First, we determined the w1 that optimizes MScore. Values of w1 were explored from 0.0 to 1.0 with an interval of 0.1 with a combination of different k, which was changed from 25, 50, 100, 200, 300, 400, to 500. Each pocket of the seven ligand types was selected as query and compared with all the remaining pockets in the database. Then, binding ligands were predicted by Pocket_Scorew from the ranked list of pockets.

Figure 2 shows the average Top 10 and Top 15 accuracy of the seven ligand types with different combinations of w1 and k (more results on Top 5, 20 and 25 accuracy are provided in Supplementary Figure S1). The Top X accuracy indicates the frequency of queries whose correct ligand is predicted within the Top X predicted ligands ranked by score. The accuracy increases as k increases and nearly plateaus at k = 200. We selected 0.4 for w1, because the accuracy was the highest when averaged over all the values of k for Top 5, 10 and 15 accuracies. We selected 200 for k.

Fig. 2.

Fig. 2.

Average accuracy relative to k and w1 values. Each line corresponds to a result with different w1. A, Top 10; B, Top 15 accuracy

With the w1 values decided earlier, we used the same process to determine w2 for TScore (Supplementary Fig. S2). These plots show a similar trend to Figure 2; the curves in general plateaued at k = 200. We chose 0.8 for w2, because that gives the maximum average accuracy over k for Top 5, 10, 15 and 20. k was set to 200 where the accuracy peaked with w2 = 0.8.

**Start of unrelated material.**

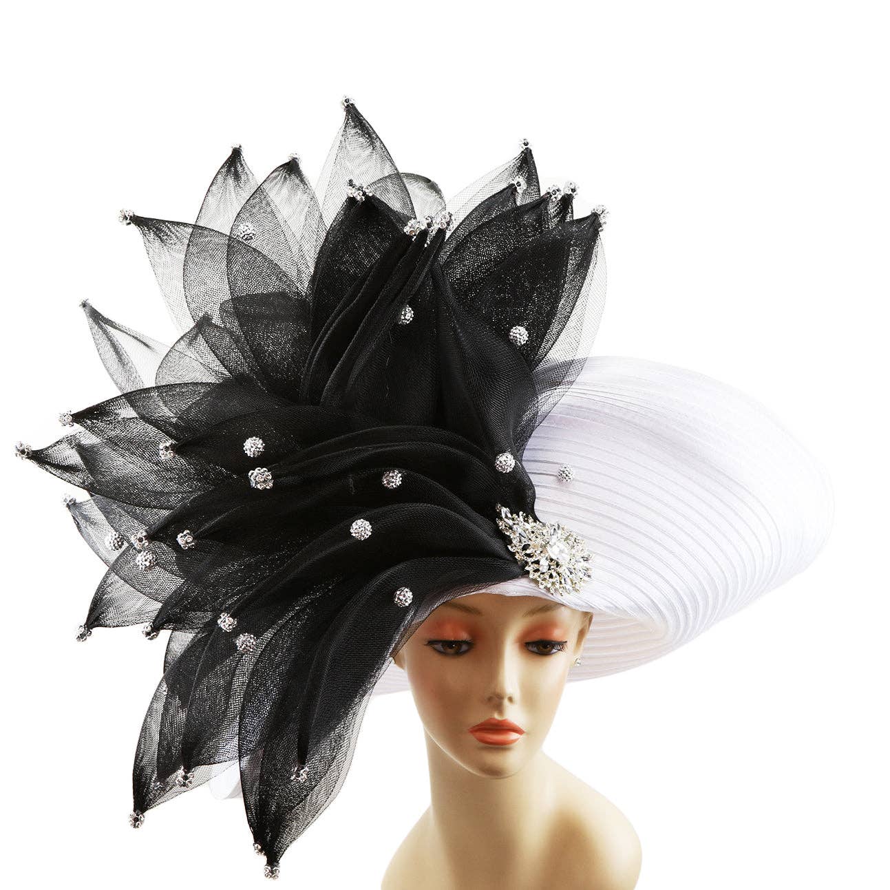 • Crown Circumference : 23" • Crown Height : 4" • Material : 100% Polyester • Make a statement with this elegant formal hat, showcasing a sculpted silhouette accented by sparkling jeweled trim and an intricate bow. Perfect for weddings, church events, and special occasions, it brings sophistication, grace, and timeless style to your ensemble.

Table 1 summarizes the accuracy of MScore and TScore using the determined parameter values as well as individual terms, pd3DZD, APPS and GRPD, and the original Patch-Surfer. TScore showed higher accuracy than Mscore and all the individual scores and original Patch-Surfer for all Top 5 to Top 25 accuracy. Among the individual scores, APPS, the newly added term in this work, outperformed the other two individual scores. APPS showed even higher accuracy than the original Patch-Surfer. MScore that combines pd3DZD and APPS was more accurate than using either one of the scores individually.

Table 1.

The average accuracies by different scores

Top 5 Top 10 Top 15 Top 20 Top 25
TScore 0.562 0.760 0.871 0.914 0.932
MScore 0.552 0.754 0.849 0.898 0.931
pd3DZD 0.484 0.621 0.724 0.891 0.933
APPS 0.538 0.674 0.818 0.894 0.920
GRPD 0.410 0.488 0.616 0.737 0.855
PatchSurfer 0.491 0.658 0.785 0.860 0.895

Figure 3 examines the effect of considering the ligand similarity weight, wl(i),F, in Pocket_scorew (8). The motivation of using the weight is to give credit when a pocket is retrieved, whose natural ligand is the same as the query but has been crystallized with a different molecule (e.g. a drug). Since a bound molecule to a pocket is usually similar to its natural ligand, the weight can provide a partial score to the query’s natural ligand. Top 5 to Top 25 accuracies obtained by two scores were compared, ones computed with Pocket_scorew with wl(i),F and those obtained with Pocket_score with δl(i),F. Overall, the accuracies improved by using the wl(i),F weight. An improvement of larger than 0.05 for Pocket_scorew over Pocket_score was observed for 14 cases while a decrease in accuracy by more than 0.05 was observed for four cases.

Fig. 3.

Fig. 3.

Comparison of accuracy with and without ligand similarity weight in Pocket_Scorew

In the development stage, we have also incorporated a scoring term that evaluates the pocket size difference between a query and a retrieved pocket into MScore as in the original of Patch-Surfer. However, it did not show an improvement in accuracy. This may be because the new APPS term, which is a histogram, already contains the pocket size information (data not shown).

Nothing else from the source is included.